WHAT IS NEEDED: Give back only the lines in the records below from the one with "阿德巴约28+12+5 希罗27+5+5 普尔35分 热火大胜奇才迎5连胜" to the one with "花园路街道办事处的座谈会结束", both inclusive, word for word.

DATA FOR THIS TASK:

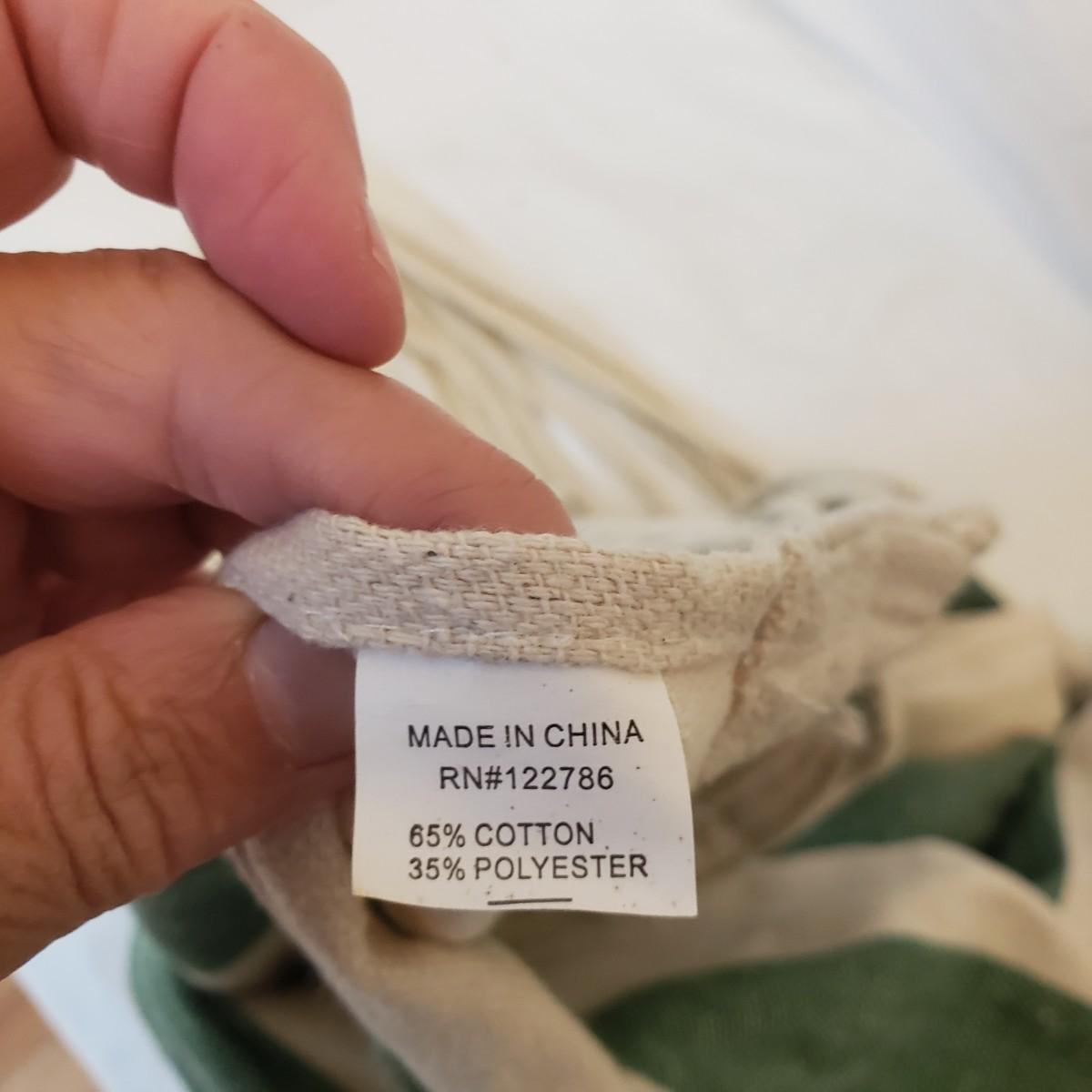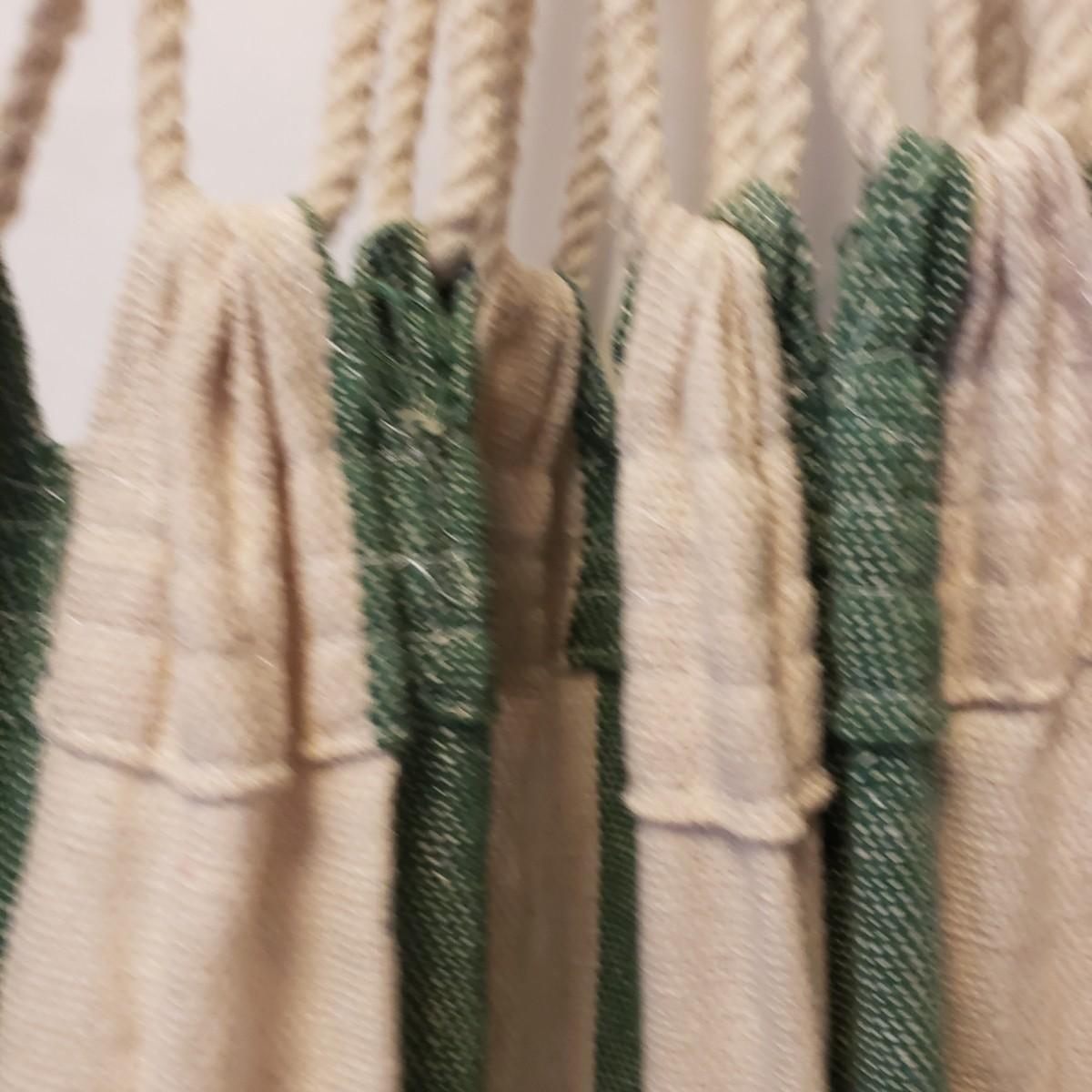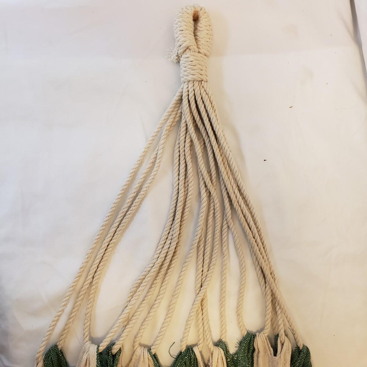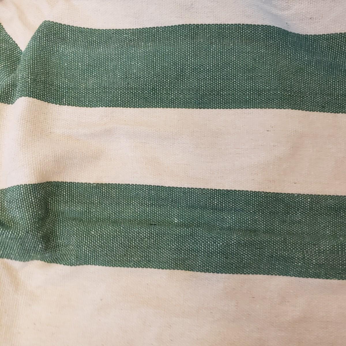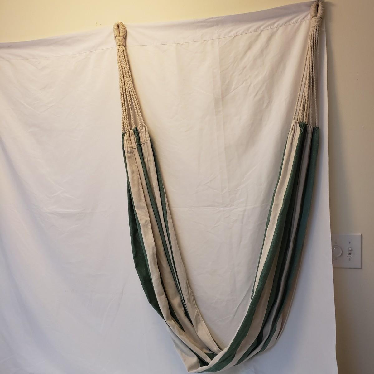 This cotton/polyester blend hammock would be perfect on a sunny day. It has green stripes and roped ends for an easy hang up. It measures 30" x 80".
...
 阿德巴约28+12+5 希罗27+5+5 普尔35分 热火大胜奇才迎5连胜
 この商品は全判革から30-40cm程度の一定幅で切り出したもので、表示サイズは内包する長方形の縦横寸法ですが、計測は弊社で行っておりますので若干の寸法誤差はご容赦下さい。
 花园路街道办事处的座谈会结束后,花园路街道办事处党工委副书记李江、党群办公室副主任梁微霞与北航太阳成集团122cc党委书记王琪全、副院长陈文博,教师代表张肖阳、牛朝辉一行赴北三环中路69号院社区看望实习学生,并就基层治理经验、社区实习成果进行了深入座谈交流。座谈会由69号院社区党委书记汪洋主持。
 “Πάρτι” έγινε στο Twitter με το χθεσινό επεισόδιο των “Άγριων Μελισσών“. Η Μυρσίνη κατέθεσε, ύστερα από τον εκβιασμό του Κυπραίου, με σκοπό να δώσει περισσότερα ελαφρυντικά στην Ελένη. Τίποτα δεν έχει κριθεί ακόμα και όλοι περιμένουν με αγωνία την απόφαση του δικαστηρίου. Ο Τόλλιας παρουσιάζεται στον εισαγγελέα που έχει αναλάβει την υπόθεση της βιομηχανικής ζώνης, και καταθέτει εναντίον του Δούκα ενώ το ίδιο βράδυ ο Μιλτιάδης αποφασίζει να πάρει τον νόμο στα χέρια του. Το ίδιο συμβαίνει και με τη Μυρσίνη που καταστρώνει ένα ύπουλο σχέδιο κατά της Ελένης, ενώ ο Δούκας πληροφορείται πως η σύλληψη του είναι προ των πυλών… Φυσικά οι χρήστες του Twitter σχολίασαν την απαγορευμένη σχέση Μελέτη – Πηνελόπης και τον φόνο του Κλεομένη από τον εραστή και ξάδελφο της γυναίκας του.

OUTPUT OF THE TASK:
 阿德巴约28+12+5 希罗27+5+5 普尔35分 热火大胜奇才迎5连胜
 この商品は全判革から30-40cm程度の一定幅で切り出したもので、表示サイズは内包する長方形の縦横寸法ですが、計測は弊社で行っておりますので若干の寸法誤差はご容赦下さい。
 花园路街道办事处的座谈会结束后,花园路街道办事处党工委副书记李江、党群办公室副主任梁微霞与北航太阳成集团122cc党委书记王琪全、副院长陈文博,教师代表张肖阳、牛朝辉一行赴北三环中路69号院社区看望实习学生,并就基层治理经验、社区实习成果进行了深入座谈交流。座谈会由69号院社区党委书记汪洋主持。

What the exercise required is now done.